Rape Gang- I took this from an episode of Star Trek: The Next Generation. One of my favorite Amazon television characters, Tasha Yar, was from some sort of dystopian, anarchy planet of chaos. She looked like a boy, it was mentioned, so she didn’t have to fear the roving rape gangs. Rape gangs? Has there ever been such a thing in human history, I wondered, a gang whose sole focus, was rape? Fascinating- no financial gain or incentive, not camaraderie or power- just rape. I also liked perverting the old ‘Leader of the Pack’ song from the ‘50s at the end as well.

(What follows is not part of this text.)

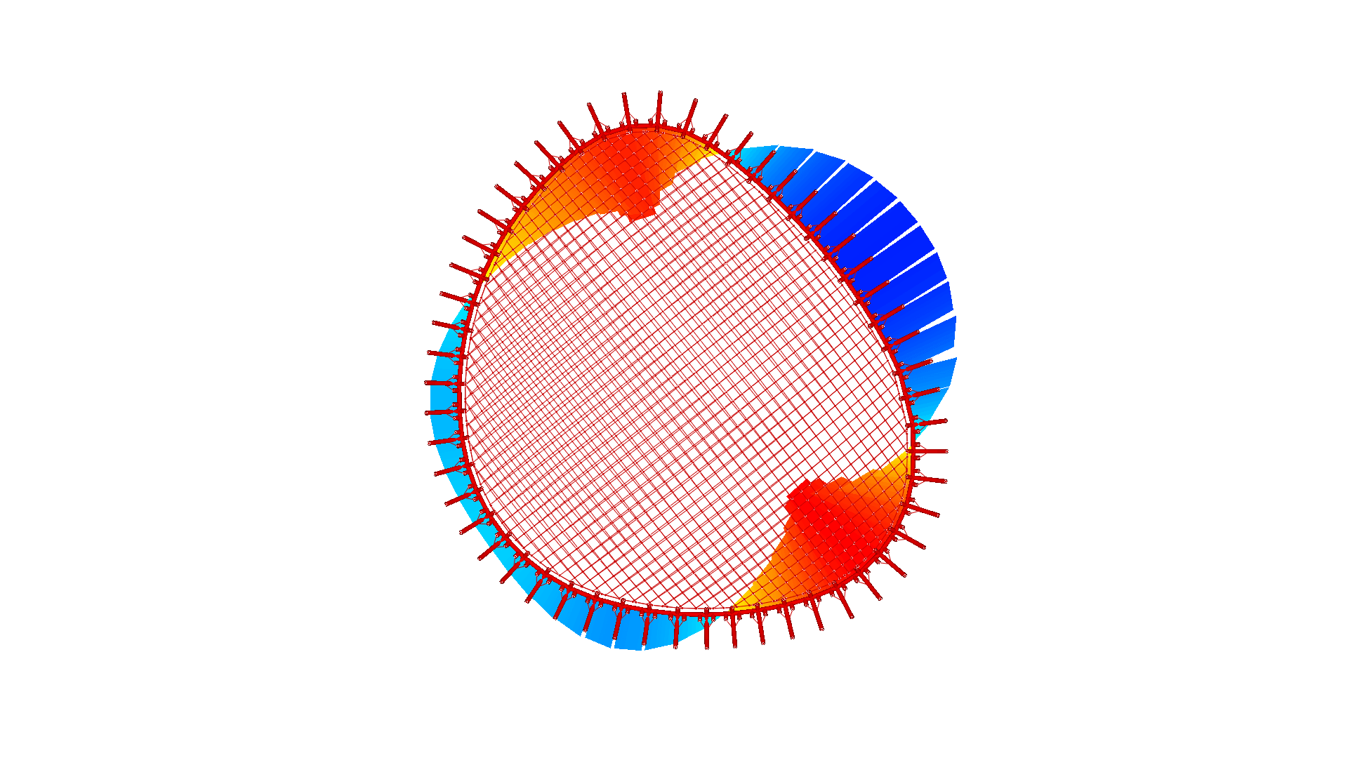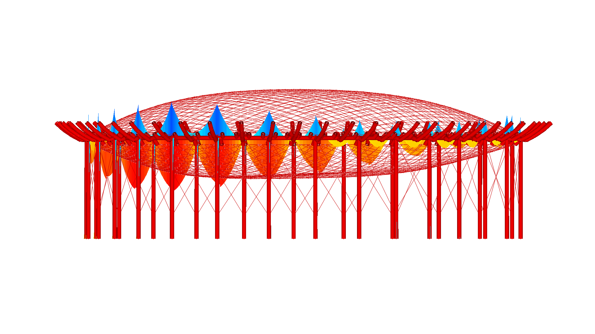 In Easy.Vol the internal pressure is changing its direction and size depending on the loaded area. Therefore a precise model is described by Easy.Vol, where the consideration of gas-laws enables the realistic behavior of the internal pressure: only in this case the membrane stresses get the correct size.

Heartstrings- I had this title, and a fragment of a chorus, for a long time- the idea of getting strangled, metaphorically, of course, by these, whoever came up with the idea of, heartstrings. Is this an instrument? Do you strum it? I had nothing to flesh it out with, until I met this most unusual and fragile of chaps while working at a call center as an undergrad. Cool chap though- purple hair, and burned me c.d.s of Hybrid Theory, 3 Doors Down, and a Kiss concert from their 1980 Australia Stadium Tour. I think he had banged two separate redheads working at this place, but this incident involved some kooky, yet fascinating broad, who had nicknamed herself ‘Ruby.’ What a story she told me, over an evening in bed with her, where she only wanted to practice her massage skills on me (she was studying to be a masseuse), and I was happy to be her subject. Still one of my better evenings with a broad, even though no real, actual intimacy unfolded. A deviant kind of intimacy though- she claimed to have a G-spot on the back of her neck, which I of course called b.s. on, and had to test it. She was not kidding- and orgasmed about as hard as anything I’d ever seen- and actually smoked a cigarette afterwards. It seems that when people come to grips with traumatic incidents, finally, they are anxious to share them with anyone and everyone, and she went into the whole long story of her adolescent ordeal: was gang-raped in a hotel when she was 12, then became an addict, then an accidental mom, but her daughter was now her salvation, etc. If I was someone else, I would have narrated her tale via song, but that is not my deal.